What to work on: Please give back the lines from the line containing "Die Tour startet" through the end of the listing below, exactly as written and without pictures.

Source data:
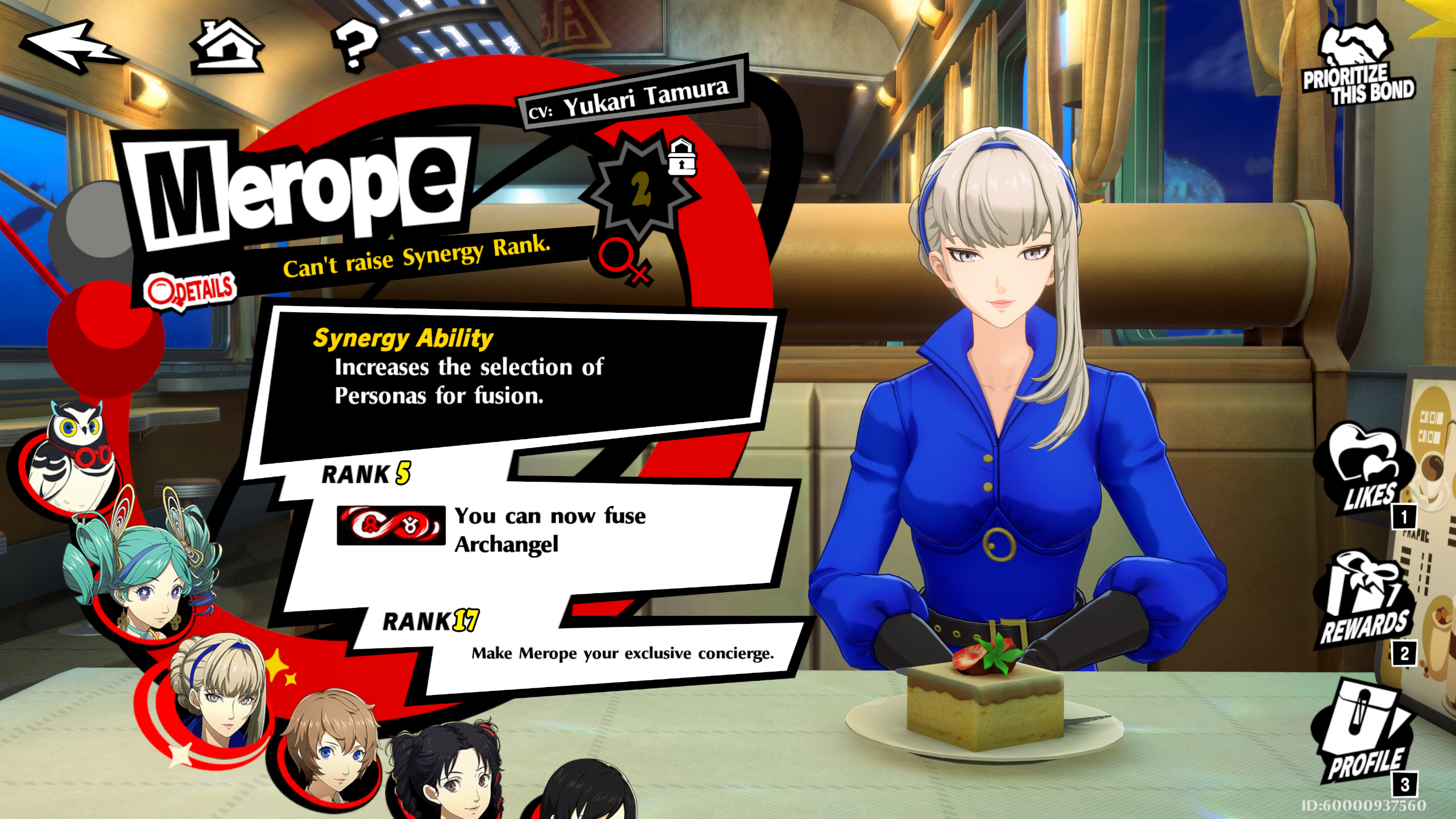 Merope’s Synergy Bond is also unlocked through story progression. Once you complete the “Traces of Dreams” mission, you can spend time with her to increase her bond rank. Increasing her bond allows for new Personas to be fused for Wonder.
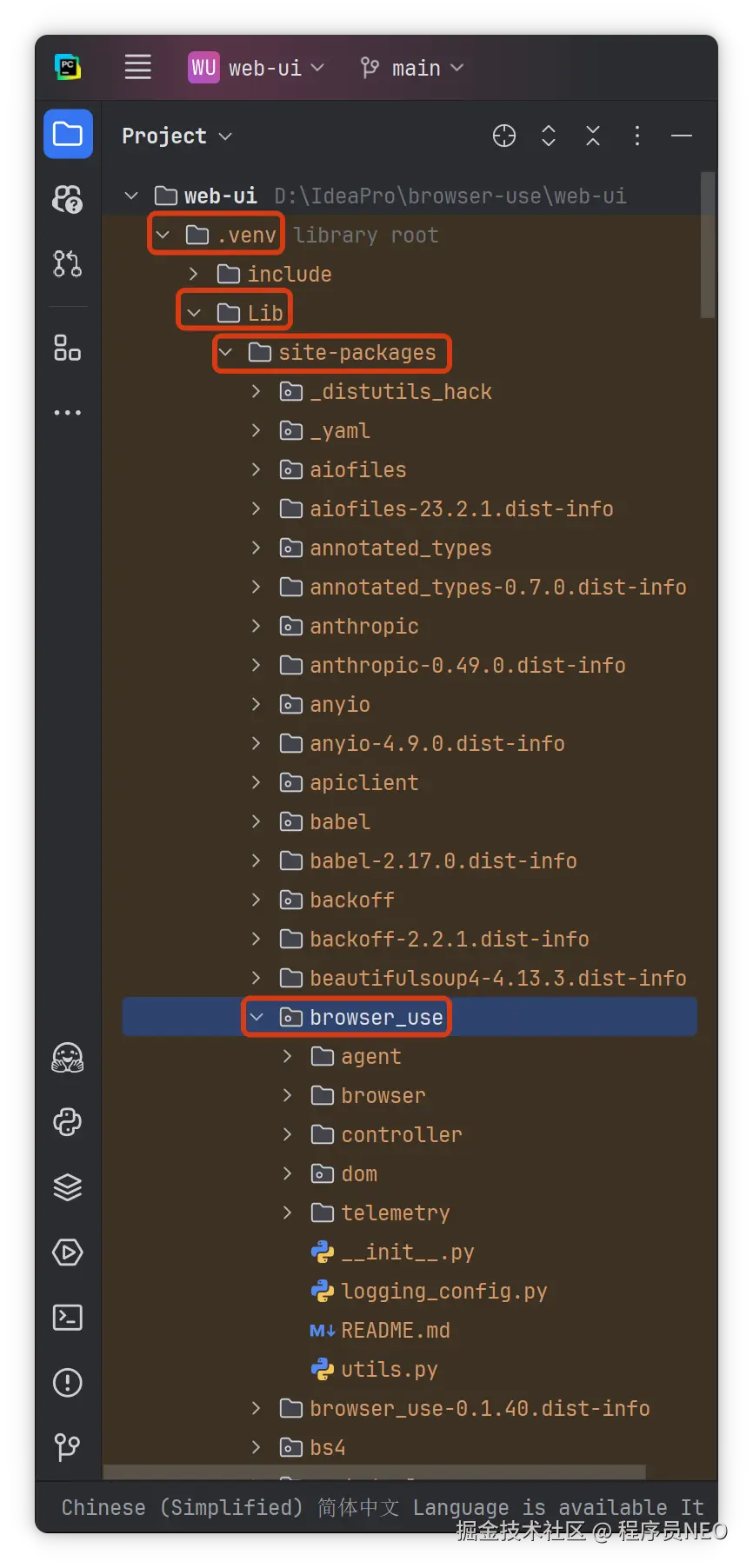 来看下核心代码,找到 .venv 文件夹,进入 Lib\site-packages\browser_use 目录:
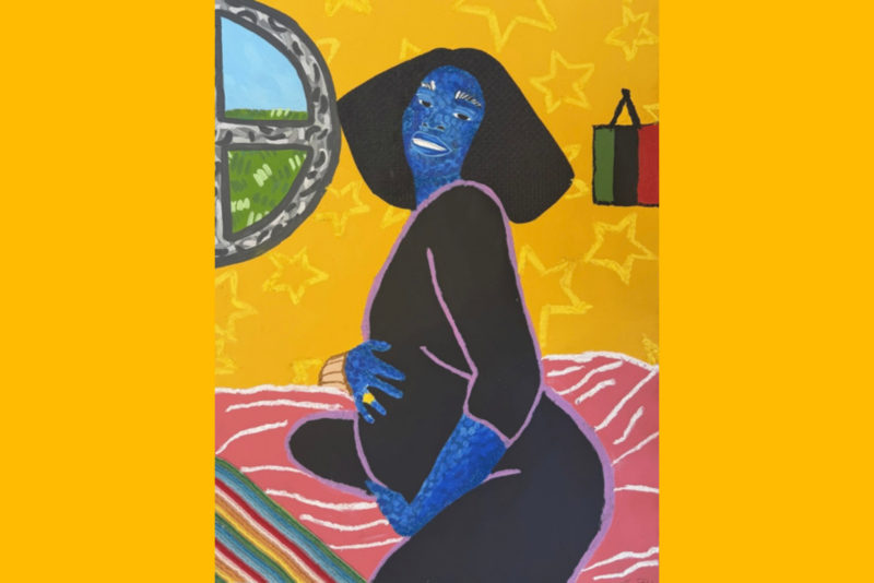 In this grouping of paintings—they are free. “Masterpiece on the Bluff,” “The Inkwell,” and “Mama and We,” are palatable —in that a little Black boy building sandmen from grains of sand; a Black family perched on beach towels and soaking up sunrays; a top-heavy mama and her Black chi’rren, standing in the shallow parts of the ocean water, under a stenciled sky, posing for a photograph feels good and Black. It’s giving Black whimsy in a place where most Black people cannot identify but in ways many Black folks can.
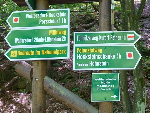 Die Tour startet am Haltepunkt Porschdorf und folgt von dort aus zunächst dem roten Punkt durch das Polenztal bis zur Waltersdorfer Mühle. Von der Waltersdorfer Mühle geht es dann weiter über den Mühlweg bis nach Waltersdorf, von wo man dann dem grünen Punkt über die Liliensteinstraße zum Lilienstein folgt.
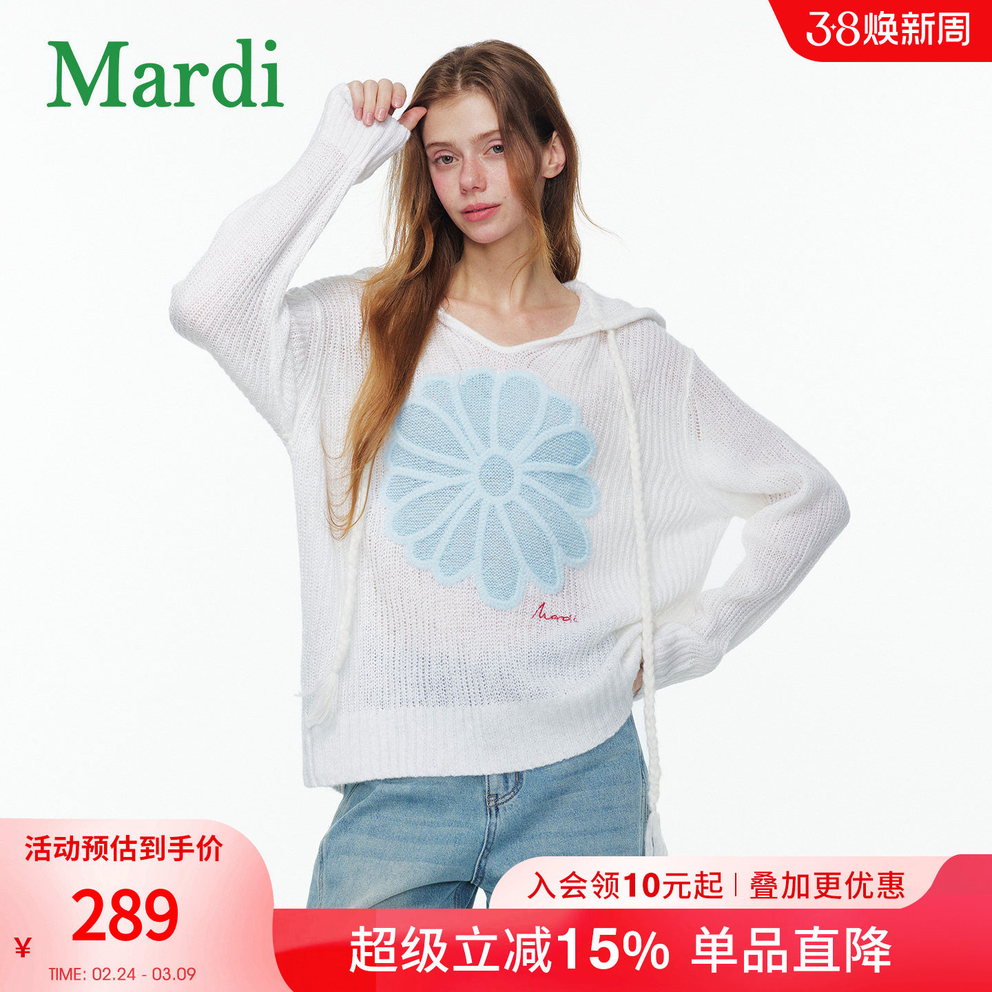 MARDI连帽针织衫26新款雏菊刺绣罩衫女长袖宽松休闲上衣花朵毛衣
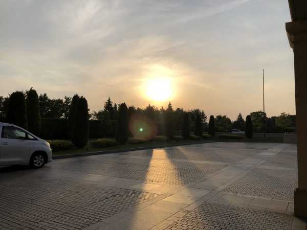 立派なリゾートホテルで山籠りをしていますが、経営計画書を作る以外は食事して、風呂に入って、寝るだけの生活です。外の空気が吸いたくなれば、早朝に散歩するとこのような朝日を見ることができます。
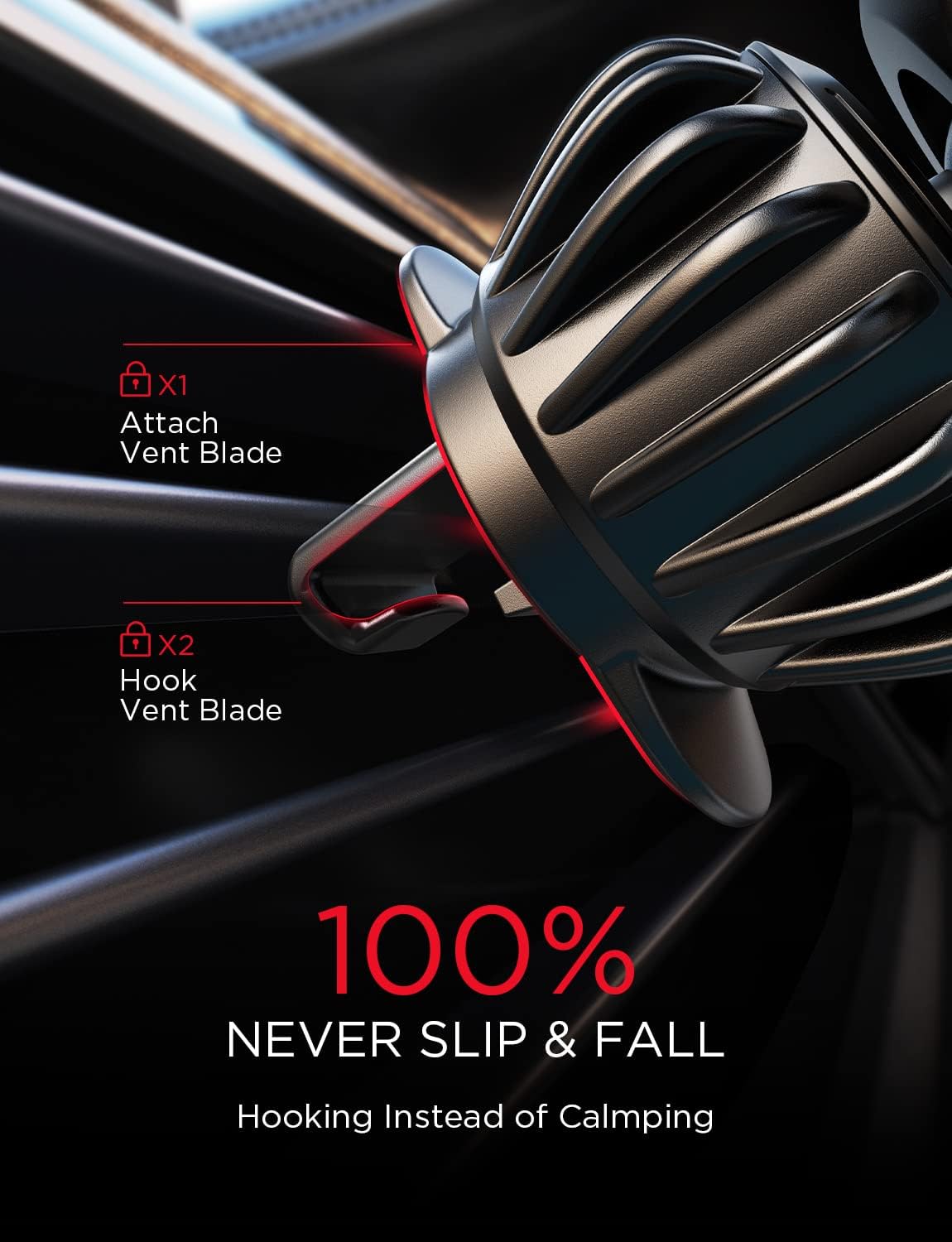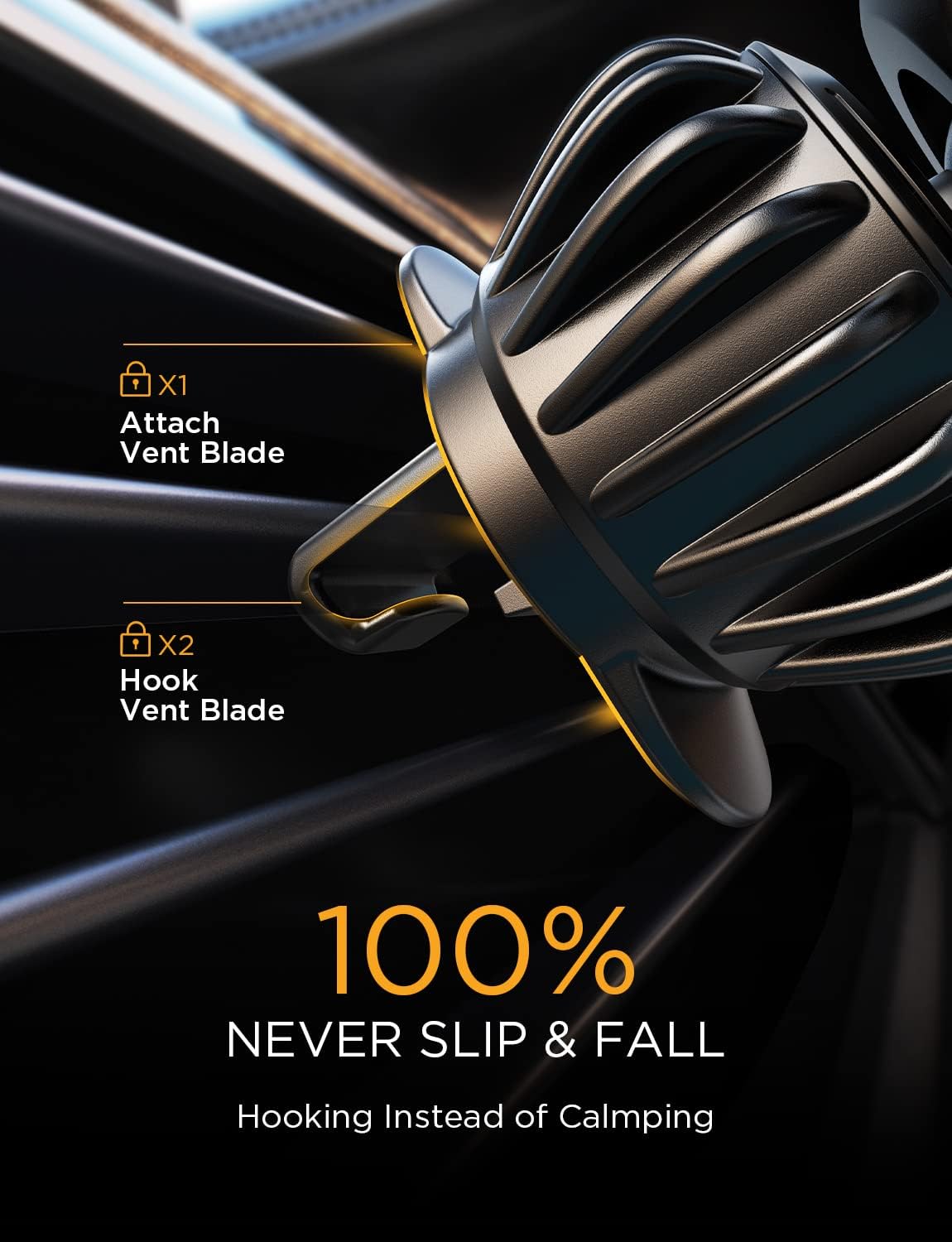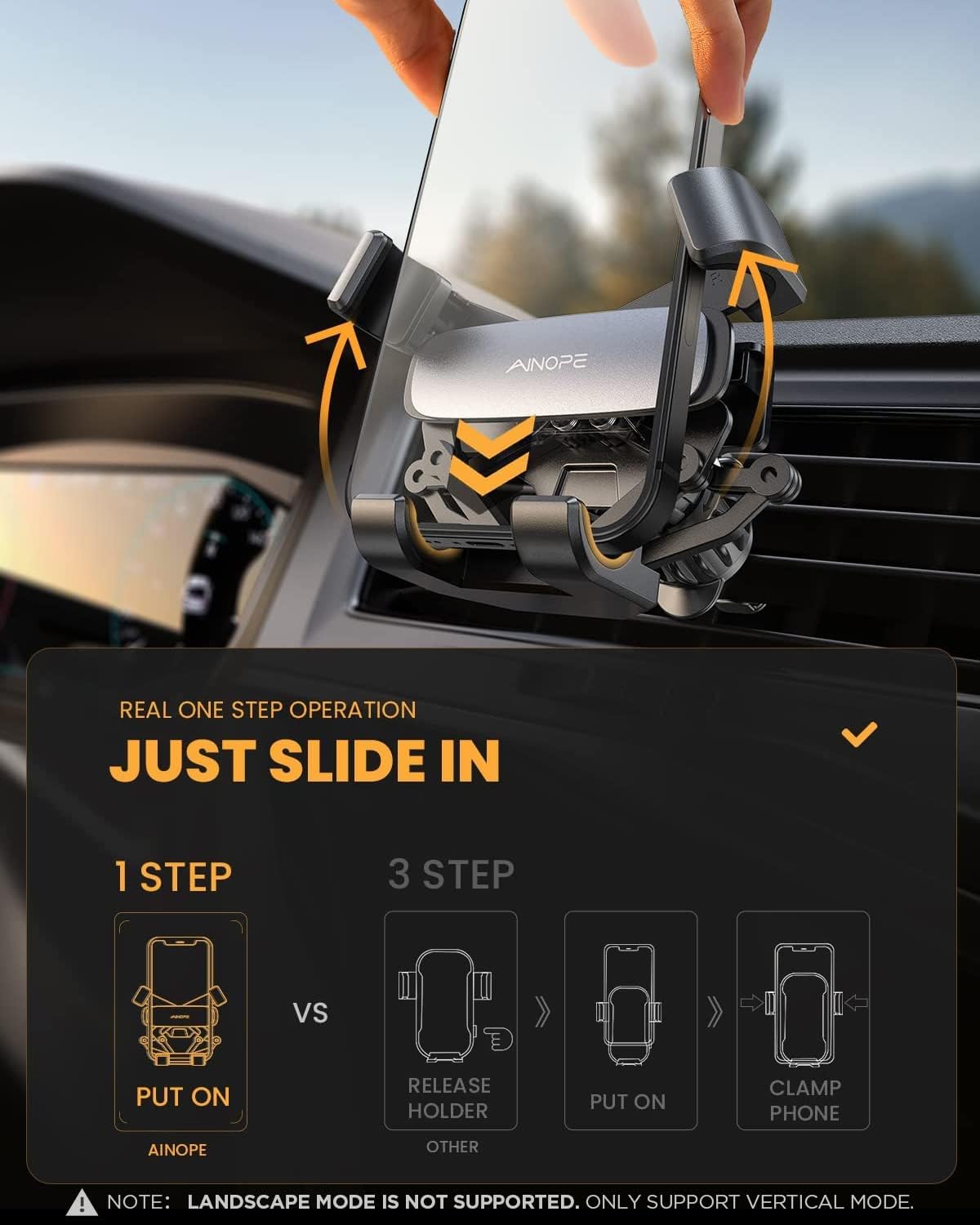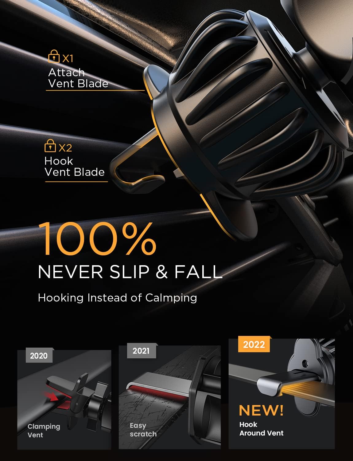 • 👍 UPGRADED AIR VENT HOOK: This car vent phone holder mount is designed as "Hook shape" and form "Three grasp points" which can firmly hook around the a/c vent for no slippage or movement. It solving the market's common problem of falling forward and off the air vent constantly when going over bumps or turns. NOTE: THE LENGTH OF CLAMP BETWEEN 0.41-0.98IN. THIS PHONE HOLDER ONLY COMPATIBLE WITH HORITABLE AIR VENT.
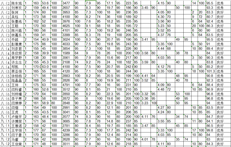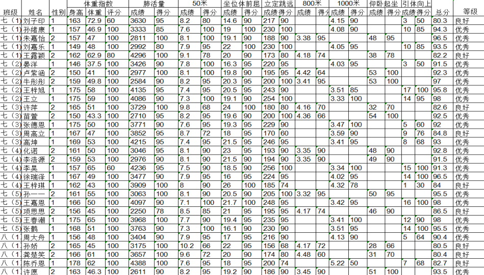 王楼初级中学2024-2025学年度第二学期三好学生体测成绩及各分项成绩公示

Solution:
 Die Tour startet am Haltepunkt Porschdorf und folgt von dort aus zunächst dem roten Punkt durch das Polenztal bis zur Waltersdorfer Mühle. Von der Waltersdorfer Mühle geht es dann weiter über den Mühlweg bis nach Waltersdorf, von wo man dann dem grünen Punkt über die Liliensteinstraße zum Lilienstein folgt.
 MARDI连帽针织衫26新款雏菊刺绣罩衫女长袖宽松休闲上衣花朵毛衣
 立派なリゾートホテルで山籠りをしていますが、経営計画書を作る以外は食事して、風呂に入って、寝るだけの生活です。外の空気が吸いたくなれば、早朝に散歩するとこのような朝日を見ることができます。
 • 👍 UPGRADED AIR VENT HOOK: This car vent phone holder mount is designed as "Hook shape" and form "Three grasp points" which can firmly hook around the a/c vent for no slippage or movement. It solving the market's common problem of falling forward and off the air vent constantly when going over bumps or turns. NOTE: THE LENGTH OF CLAMP BETWEEN 0.41-0.98IN. THIS PHONE HOLDER ONLY COMPATIBLE WITH HORITABLE AIR VENT.
 王楼初级中学2024-2025学年度第二学期三好学生体测成绩及各分项成绩公示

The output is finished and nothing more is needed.